The Gamma-gamma model takes the monetary value of customer history into account, and use it to predict the remaining value of the customer lifetime over a given period (12 months in this example).

The model assumes that there is no relationship between the monetary value and the purchase frequency.
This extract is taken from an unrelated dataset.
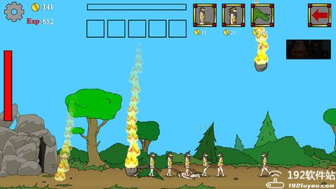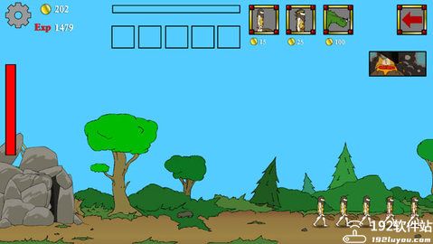 刚进入游戏的时候,玩家还是原始人,当通关打到对方城堡的时候,玩家已经进化成未来战士。

In practice, we need to check whether the Pearson correlation between the two vectors is close to 0 in order to use this model.

# Keep only returning customers
df_rfm_return = df_rfm[df_rfm['frequency'] > 0]

# Check (absence of) correlation between frequency and monetary value
df_rfm_return[['frequency', 'monetary_value']].corr()
frequency monetary_value
frequency 1.000000 0.021878
monetary_value 0.021878 1.000000
# Fit Gamma-Gamma model
ggf = lifetimes.GammaGammaFitter()
ggf.fit(df_rfm_return['frequency'], df_rfm_return['monetary_value'])
<lifetimes.GammaGammaFitter: fitted with 972 subjects, p: 15.64, q: 9.52, v: 44.88>
# Predict expected value per transaction
df_clv['exp_avg_value'] = ggf.conditional_expected_average_profit(
    df_rfm['frequency'], df_rfm['monetary_value']
)

# Compare with actual average profit
print("Actual average profit: {:.2f}".format(df_rfm_return['monetary_value'].mean()))
print("Predicted expected value: {:.2f}".format(df_clv['exp_avg_value'].mean()))
Actual average profit: 82.45
Predicted expected value: 82.40
# Predict residual customer lifetime value
df_clv['clv'] = ggf.customer_lifetime_value(
    bgf,
    df_rfm['frequency'],
    df_rfm['recency'],
    df_rfm['T'],
    df_rfm['monetary_value'],
    time=12,   # months
)
df_clv.head()
frequency recency T monetary_value predicted_purchases proba_alive exp_avg_value clv
client_id
0020c81355c2057acfb019eb2c18a9a1 1.0 236.0 619.0 94.5 0.366430 0.632533 90.215145 30.654873
003b1637ce45163ccb9b0ff278464fd1 0.0 0.0 535.0 0.0 0.153914 1.000000 82.352228 11.747738
00444e8c950c199b637e5dcdfe401e0c 0.0 0.0 226.0 0.0 0.271410 1.000000 82.352228 20.741905
0055eb3281238fa3388a6db46d7d2d01 0.0 0.0 163.0 0.0 0.321769 1.000000 82.352228 24.602803
006e783513f582e9657d18334d06df49 1.0 103.0 634.0 53.0 0.277443 0.487711 63.353343 16.298747

In addition to the probability of being alive (proba_alive) and the expected number of purchases (predicted_purchases), we now have the expected value for each purchase (exp_avg_value) and as a result, the estimated remaining customer lifetime value (clv), which is the the product of the probability of being alive and the expected average purchase value, diminished by the discounted cash flow rate (discount_rate).